EN FR
EN FR


Section: Research Program

Intrusion Detection

By exploiting vulnerabilities in operating systems, applications, or network services, an attacker can defeat preventive security mechanisms and violate the security policy of the whole system. The goal of intrusion detection systems (IDS) is to detect, by analyzing some data generated on a monitored system, violations of the security policy. From our point of view, while useful in practice, misuse detection is intrinsically limited. Indeed, it requires to update the signatures database in real-time similarly to what has to be done for antivirus tools. Given that there are thousands of machines that are every day victims of malware, such an approach may appear as insufficient especially due to the incredible expansion of malware, drastically limiting the capabilities of human intervention and response. The CIDRE group takes the alternative approach, namely the anomaly approach, which consists in detecting a deviation from a referenced behavior. Specifically, we propose to study three complementary methods:

  • Illegal Flow Detection: This first method intends to detect information flows that violate the security policy  [66] , [62] . Our goal is here to detect information flows in the monitored system that are allowed by the access control mechanism, but are illegal from the security policy point of view.
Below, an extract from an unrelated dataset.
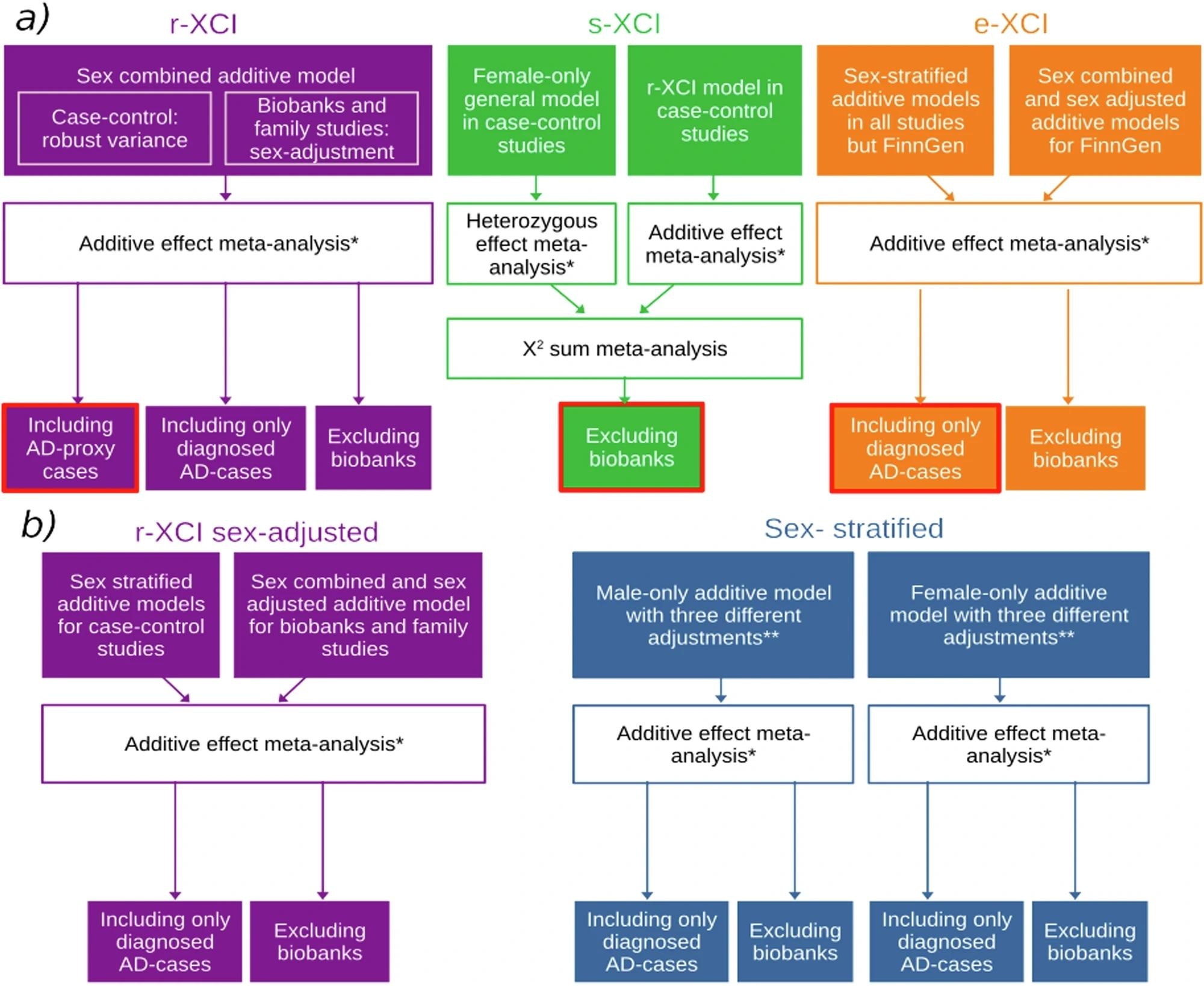 a Main analyses and b sensitivity analyses. Box colors indicate the approach: purple, green, orange and blue represent r-XCI, s-XCI, e-XCI and sex-stratified approaches, respectively. Boxes circled in red are the main r-XCI, s-XCI and e-XCI analyses. *Fixed effect meta-analysis with an inverse-variance weighted approach as implemented in METAL. **Sex-stratified models were adjusted on 1) principal components (PCs) and/or the genotyping center; 2) PCs, center and age; 3) PCs, center, age and APOE.a Main analyses and b sensitivity analyses. Box colors indicate the approach: purple, green, orange and blue represent r-XCI, s-XCI, e-XCI and sex-stratified approaches, respectively. Boxes circled in red are the main r-XCI, s-XCI and e-XCI analyses. *Fixed effect meta-analysis with an inverse-variance weighted approach as implemented in METAL. **Sex-stratified models were adjusted on 1) principal components (PCs) and/or the genotyping center; 2) PCs, center and age; 3) PCs, center, age and APOE.

  • Data Corruption Detection: This second method aims at detecting intrusions that target specific applications, and make them execute illegal actions by using these applications incorrectly  [60] , [65] . This approach complements the previous one in the sense that the incorrect use of the application can possibly be legal from the point of view of the information flows and access control mechanisms, but is incorrect considering the security policy.
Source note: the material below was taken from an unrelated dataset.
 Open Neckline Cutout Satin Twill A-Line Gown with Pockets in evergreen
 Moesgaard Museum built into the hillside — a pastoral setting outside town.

  • Visualization: This third method relies on the capacity of human beings in detecting patterns and outliers in datasets when these datasets are properly visually represented. Human beings also know pieces of contextual information that are very difficult to formalize so as to make them usable by a computer. Visualization is therefore a very useful complementary tool to detect abnormal events in real time (monitoring), to search for malicious events in log files (data exploration and forensics) and to communicate results (reporting).

In these approaches, the access control mechanisms or the monitored applications can be either configured and executed on a single node, or distributed on a set of nodes. Thus, our approach must be studied at least at these two levels.

Here are some concrete examples of our research objectives (both short term and long term objectives) in the intrusion detection field:

  • At node level, we apply the defensive programming approach (coming from the dependability field) to data corruption detection. The challenge is to determine which invariant/properties must be and can be verified either at runtime or statically. Regarding illegal flow detection, we try to extend this method to build anti-viruses by determining viruses signatures.

  • At the set of nodes level, we revisit the distributed problems such as clock synchronization, logical clocks, consensus, properties detection, to extend the solutions proposed at node levels to cope with distributed flow control checking mechanisms. Regarding illegal flow detection, we study the collaboration and consistency at the node and set of nodes levels to obtain a global intrusion detection mechanism. Regarding the data corruption detection approach, our challenge is to identify local predicates/properties/invariants so that global predicates/properties/invariants would emerge at the system level.